The U.S. has said it is trying to evacuate 400 Americans with their families.
Egypt has said it will not accept an influx of Palestinian refugees, fearing Israel will not allow them to return to Gaza after the war.
MOVING ON GAZA CITY
The Israeli military's chief of staff, Herzi Halevy, said his forces were encircling Gaza City from several directions and “fighting in a built-up, dense, complex area.”
Israeli troops pushed into Gaza in larger numbers over the weekend. Hundreds of thousands of Palestinians remain in the path of the fighting in northern Gaza, despite Israel’s repeated calls for them to evacuate to the territory’s south, which is also being bombarded.
Palestinian militants fired antitank missiles, set off explosive devices and hurled grenades at Israeli troops during an overnight battle, the Israeli military said Thursday. It said soldiers returned fire and called in artillery and strikes. The report could not be independently confirmed.
Casualties on both sides are expected to rise as Israeli troops advance toward the dense residential neighborhoods of Gaza City. Israeli officials say Hamas’ military infrastructure, including tunnels, is concentrated in the city and accuse Hamas of hiding among civilians.

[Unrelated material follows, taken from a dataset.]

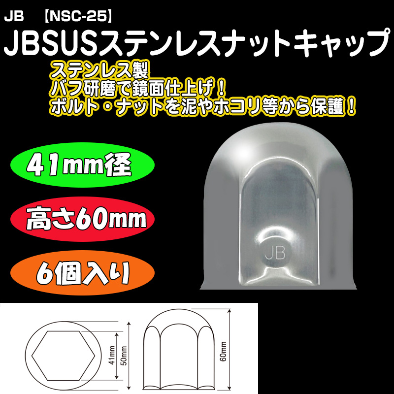 JBステンレスナットキャップ 41mm/高さ60mm(6個入)【SNC-25】

At least 9,061 Palestinians have been killed in the war, mostly women and minors, and more than 32,000 people have been wounded, the Gaza Health Ministry said Thursday, without providing a breakdown between civilians and fighters. The death toll is without precedent in decades of Israeli-Palestinian violence, and is around four times the figure from the 2014 Gaza war, which lasted over six weeks.
Four Palestinians, including three teenagers, were shot dead in different parts of the occupied West Bank early Thursday, the Palestinian Health Ministry said. More than 130 Palestinians have been killed in the West Bank since the start of the war, mainly in violent protests and gunbattles during Israeli arrest raids.

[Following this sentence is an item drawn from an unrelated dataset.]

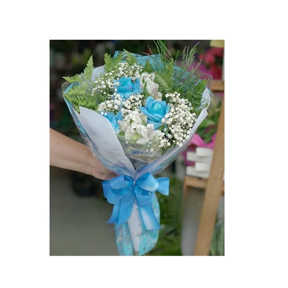 DESCRIÇÃO:Lindo Buquê com 3 rosas Azuis mais procuradas para presentear sua pessoa amada com toda sua delicadeza e elegância ideal para presente. Ele é a opção certa de presente de Dia dos Namorados, aniversário ou para uma decoração de amor. Não perca a chance de encantar aquela pessoa especial.COMPOSIÇÃO:Rosas Azuis Pegmentadas Folhagem Samambaia ou AvencãoAtromelias GypsofolaEmbalagem para a viagemDETALHESDURAÇÃONossas flores de corte duram em média 5 dias. Para dicas de como conservar por mais tempo acesse a página de Dicas de ConservaçãoCARTÃOÉ possível incluir uma mensagem junto ao seu presente! Prossiga com a compra e na tela de ENTREGA basta escolher o cartão e escrever a mensagem. Caso queira enviar em Anônimo escolha a opção NÃO QUERO CARTÃO.ENTREGA E FRETE:Para consultar o prazo e valor de entrega. Preencha o CEP de entrega, clique em OK e verifique as opções disponíveis. Para acompanhar a entrega do seu presente informe o seu telefone CelularIMPORTANTEA Giuliana Flores trabalha com floriculturas parceiras por todo o Brasil, que tem treinamento, experiência e materiais para manter a qualidade exigida. Porém, devido às características de cada local, variações naturais das flores e outras interferências, os produtos podem sofrer alterações. As imagens exibidas são meramente ilustrativas

An Israeli reserve soldier died after a suspected militant opened fire on his car near a settlement in the West Bank on Thursday, the military and medics said.
Over 1,400 people have died on the Israeli side, mainly civilians killed during Hamas’ initial attack, also an unprecedented figure. Twenty Israeli soldiers have been killed in Gaza since the start of the ground operation.
Rocket fire from Gaza into Israel, and daily skirmishes between Israel and Lebanon's Hezbollah militants, has disrupted life for millions of Israelis and forced an estimated 250,000 to evacuate border towns. Most rockets are intercepted or fall in open areas.
Residents of Gaza face an increasingly dire situation amid a territory-wide blackout. The World Health Organization said the lack of fuel for hospitals' generators puts at risk 1,000 patients on kidney dialysis, 130 premature babies in incubators, as well as cancer patients and patients on ventilators.
Israel has refused to allow fuel in, saying Hamas is hoarding fuel for military use and would steal new supplies entering.
Halevi said Wednesday that when Israel is convinced that fuel has truly run out, it would be willing to allow in new supplies with supervision to ensure it does not reach Hamas. But Netanyahu told reporters that the war cabinet “has not approved any decision” to let in fuel.